You can find the 24 other contributions below.

  1. Abid Ullah. Description : The fracture roughness with valleys around the grain boundaries is observed in the Cu2O ceramic sample fabricated at laser power 140 W.
  2. Benedikt Winhard "TheDot". Description : It shows a perfect self-assembly of silica microparticles. Perfect because no coffee ring effect (CRE) is visible, but the microparticles assembled into a perfect hemisphere. We achieved this by simply printing very small volumes (a few nanoliters) of the suspension onto a sapphire substrate. This was a major breakthrough that allowed us to further develop the direct-write additive manufacturing process for higher dimensions (1D, 2D, and even 3D). Probably one of our simplest, but smartest discoveries! If you want to get more details about this project, here is a link to our publication: https://www.sciencedirect.com/science/article/pii/S0021979721003040?via%3Dihub 
  3. Camille Zoude "Carbonate hooked burrs". Description : SEM micrograph of carbonates on the surface of a geopolymer. They are formed during aging in contact with carbon dioxide, giving rise to these small hairy balls which will grow over time until covering the entire surface.
  4. Christian Bechteler "Mystic Crystals". Description : The SEM image shows silicon carbide (SiC) crystals buried under very thin carbon structures after pre-plasma flash sintering of SiC in argon atmosphere.
  5. Daniel Valášek "Abandoned leaf on the cliff". Description : An impurity on a ceramic sample after grinding and polishing.
  6. Danyal Naseer "Woven Nest". Description : It is a sol-gel synthesized α-alumina (Al2O3) microfiltration membrane. The lath-structured Al2O3 particles are grown during a sol-gel method under controlled conditions of peptization and thermal treatment. This unique structure exhibits special surface characteristics including high surface roughness and high oleophobicity. It is the first time that a lath-shaped crystalline structure of α-Al2O3 has been obtained without any additives. Thus, the fabrication of this unique-structured membrane by sol-gel synthesis may open a new window in the field of membrane filtration.

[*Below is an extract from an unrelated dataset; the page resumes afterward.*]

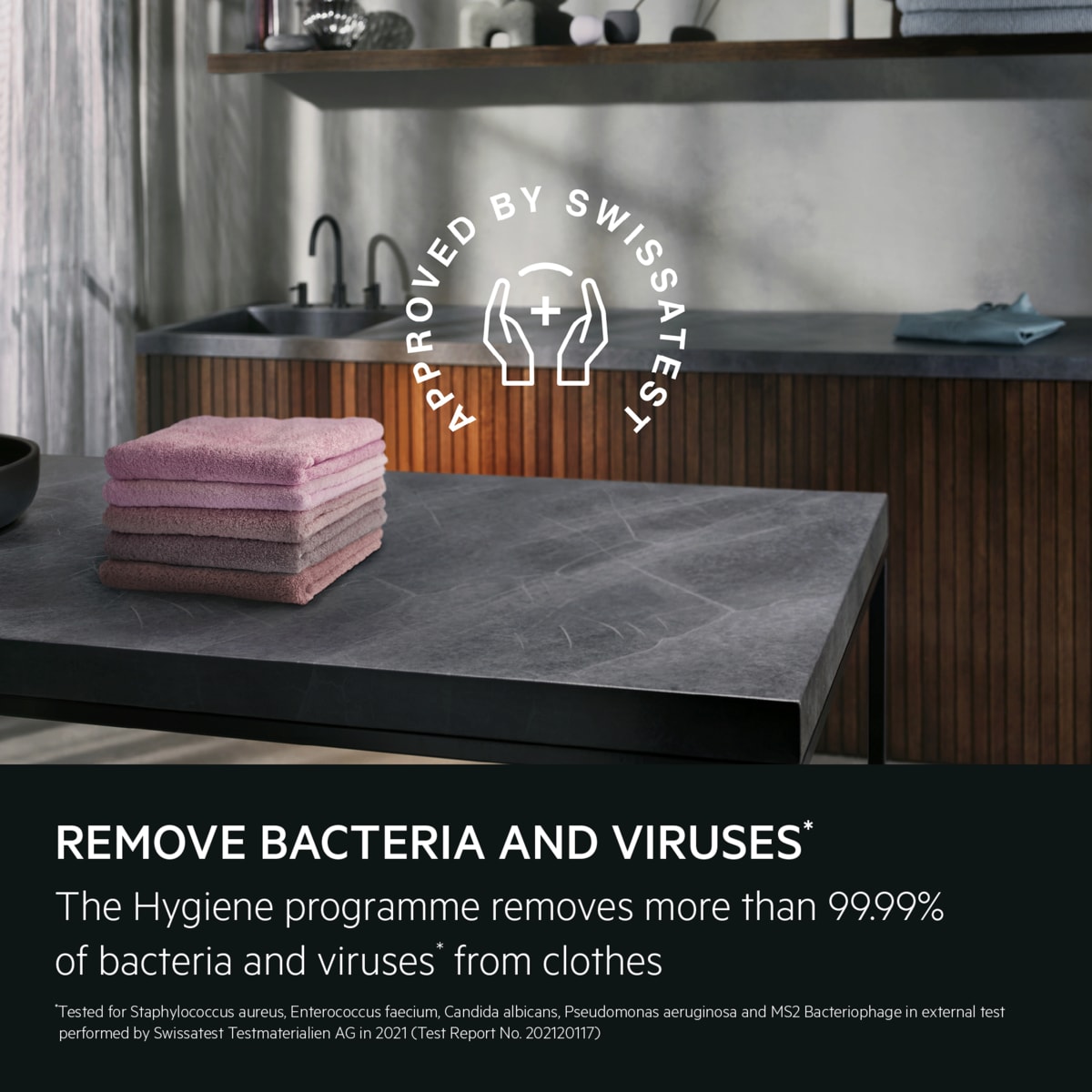 *Testet for Staphylococcus aureus, Enterococcus faecium, Candida albicans, Pseudomonas aeruginosa og MS2 Bacteriophage i ekstern test udført af Swissatest Testmaterialien AG i 2021 (testrapport nr. 202120117)

  7. Suresh Bandi "Flower Bridge". Description : A pseudo-colored FESEM (field emission scanning electron microsocpe) micrograph of V2O5 nanosheets
  8. Ester Yukimi Nagata "The Window". Description : The SEM micrograph depicts a 3D-printed scaffold of alumina coated with calcium phosphates. The presence of air gaps within the pores suggests excellent shape fidelity of the filaments, which can be advantageous for cell attachment in biomedical applications.
  9. Jaime González Cuadra "Natural architecture". Description : They are zinc oxide nanotubes oriented in such a way that they look like the stalactites you find in a cave.  These nanotubes were synthesised by hydrothermal method using HMTA as a structure-directing agent to promote growth into nanotubes. 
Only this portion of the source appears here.